Fright Week: Zombies

Fright Week: Zombies

(Shallow Note: This zombie is from a series of monsters I drew in 2002, back when I was still trying to draw hands.)

As a father, I’ve always got a plan. For certain scenarios.

I frequently rank the objects and people I’m holding from most fragile to hardiest, in case I get tackled or the earth starts shaking and I need to drop something/one to keep my balance to protect the rest. The baby and eggs are priorities.

Some of my plans are decidedly less practical.

When I spot a secluded area with an overhang, I note it and tuck it away into the “if we’re trapped outside and need someplace dry to stay for a while” mental file. This wouldn’t be a case of our getting locked out of our condo. This is like “disaster is upon us and martial law has been declared.”

I don’t stock up on fresh water or anything. I have a hand-crank-powered lantern/radio combo, but I’m not sure where it is. So yeah, maybe I don’t have a plan for most things. But I don’t think I’m alone as a husband and father in latching onto some odd and unlikely or impossible aspect of survival and running with it. I’ve talked with other dads who do the same thing. Maybe moms do it too, but I’ve yet to meet one who brought it up.

When my wife and I found ourselves to be the only guests at a country bed and breakfast (even the caretaker was out for the night; we were seriously alone), I laid awake for quite a while after my wife fell asleep.
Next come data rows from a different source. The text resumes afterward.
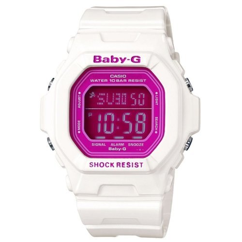 Shock resistant, with a stylish, streamlined white resin band and fun hot pink dial, this digital Watch from Casio's Baby-G Collection hits all the right fashion notes. This sleek timepiece features an LED light, world time, and five daily alarms. Secure and comfortable on the wrist, thanks to an adCasio Women's Baby-G Watch BG5601-7 Do not Miss!! Shock resistant, with a stylish, streamlined white resin band and fun hot pink dial, this digital Watch from Casio's Baby-G Collection hits all the right fashion notes. This sleek timepiece features an LED light, world time, and five daily alarms. Secure and comfortable on the wrist, thanks to an ad... Casio Women's Baby-G Watch BG5601-7
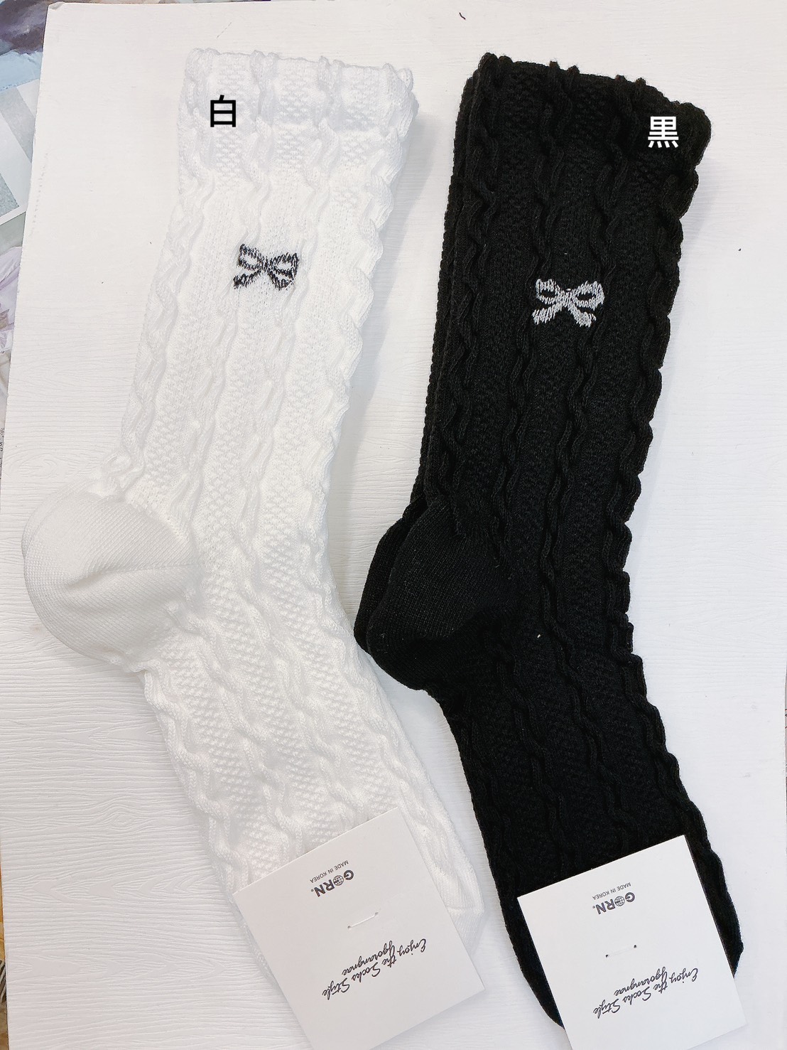 韓國製造~麻花紋蝴蝶結 二分之一襪
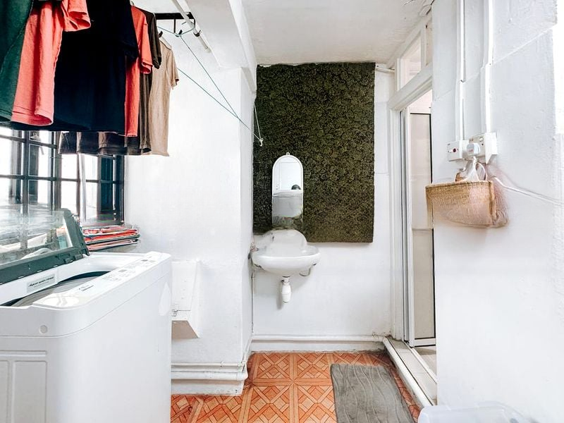 Step into this cozy 2-bedroom flat and feel the warmth of its functional layout, complemented by moderate natural light filtering through the windows. The retro-colored kitchen cabinetry and tiled flooring create a nostalgic ambiance, while overhead storage cabinets provide ample space for your essentials.
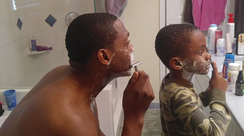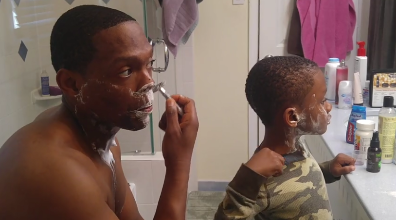 The boy doesn’t seem to be budge if the dad refuses to lather his cheeks. So, the dad budges and lathers up the boy completely and gave him a comb to use instead of the razor.
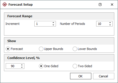 - In the Forecast Setup window, set the increment to 1 and set the forecast length to 10 periods, as shown next. Click OK.
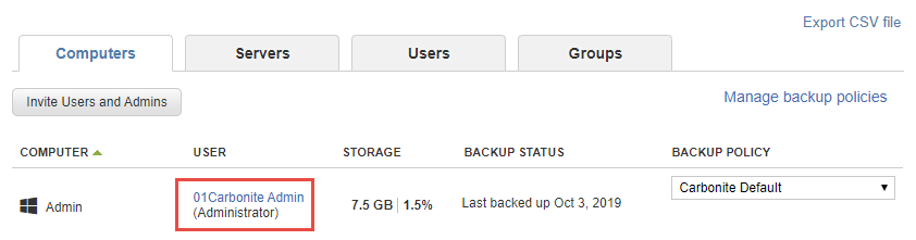 Administrators are now able to view and access the backed up files of other users. To do this, click on a user name and select View Backup from the user's page.
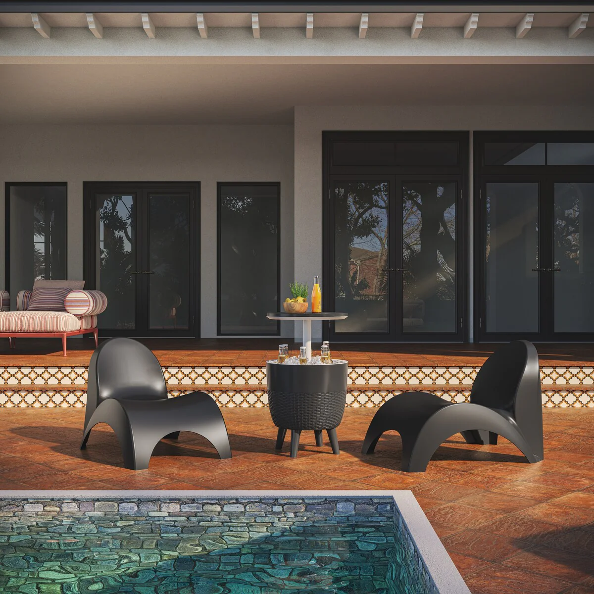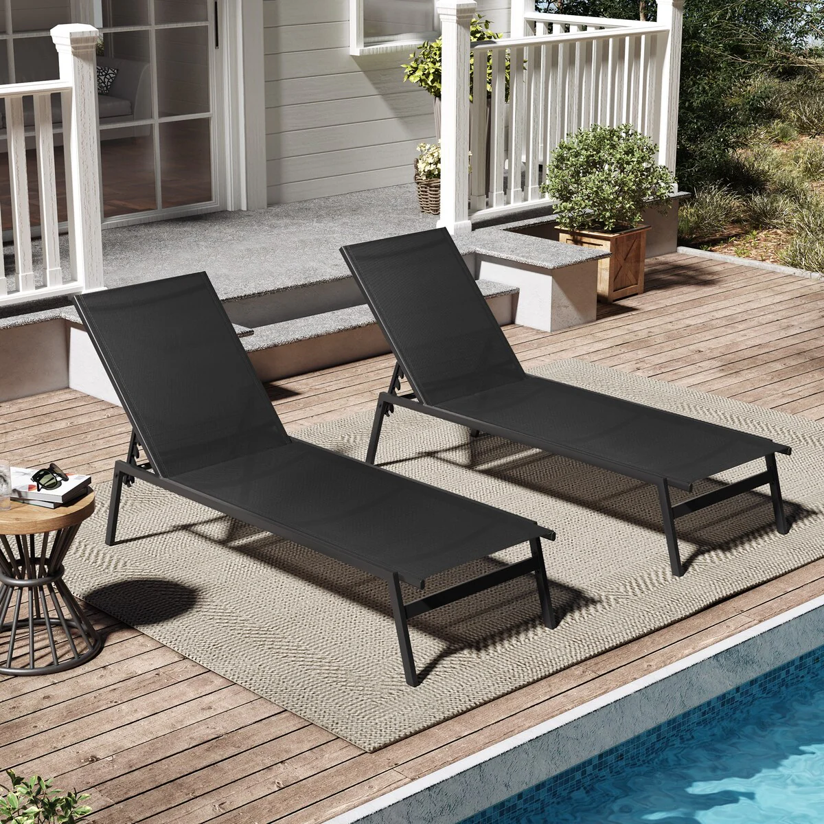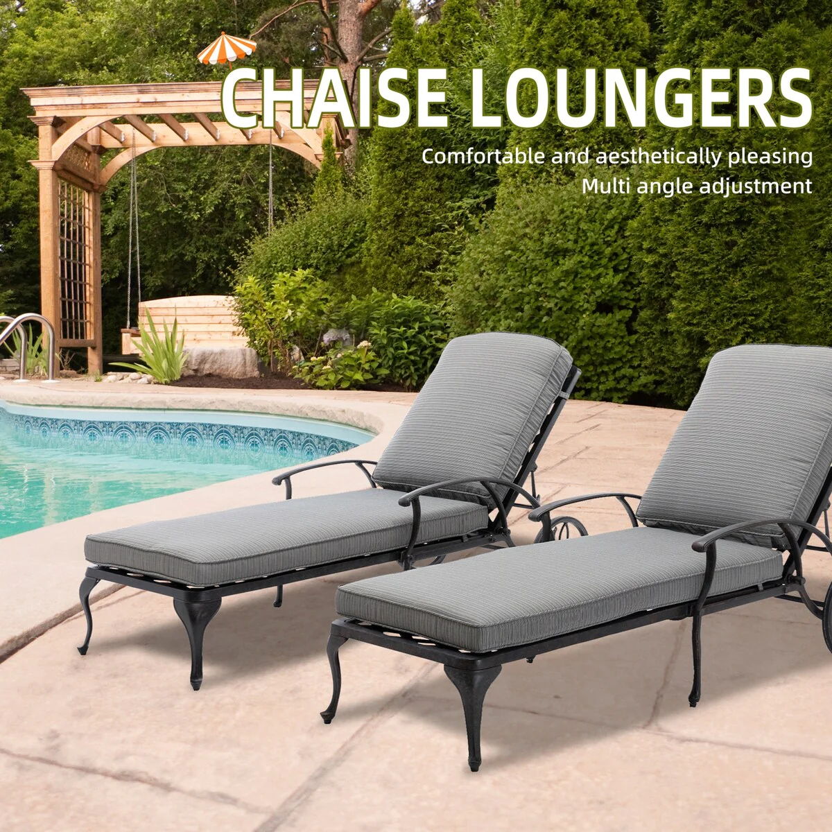 3PC Deep Cushion Chaise Set, 5 Level Adjustable PE Rattan Pool
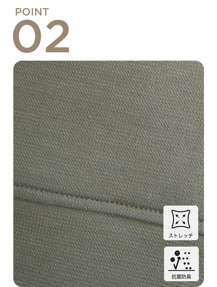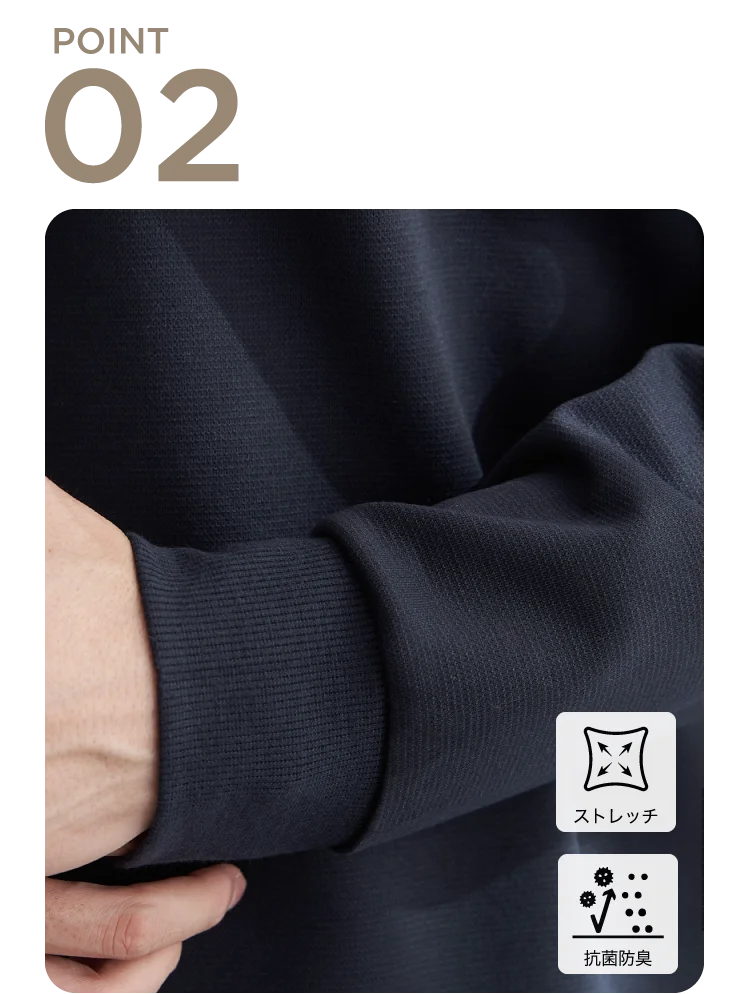 吸水速乾機能付きで快適な着心地。寒暖差のある汗ばむ季節でもドライな着用感をキープします。

Every time the crickets and other night creatures all went silent at the same time, my heart started pounding. I began devising strategies for what I would do if I heard someone breaking in and coming up the stairs. The best I came up with: Quickly move aside some of the bulk packages of toilet paper under the bed and have my wife slide between them, moving one back into place to shield her so if anyone looked, all they would see is two-ply. Unplug the lamp, hold it like a club, and hide behind the door so I can whack anyone over the head as they come in. In case of desperate emergency—e.g. I take out a scout, but more attackers start to come in—we go out the window over the Jacuzzi tub (no screen to kick out) and inch along the sliver of roof.

That’s as far as I got before the sun came up. When I told my wife about my (theoretical) heroism over breakfast, she wasn’t knocked off her feet by my (theoretical) actions, like I hoped she would be. She was amused. And a little annoyed, I think, that I didn’t get as much sleep as I should have.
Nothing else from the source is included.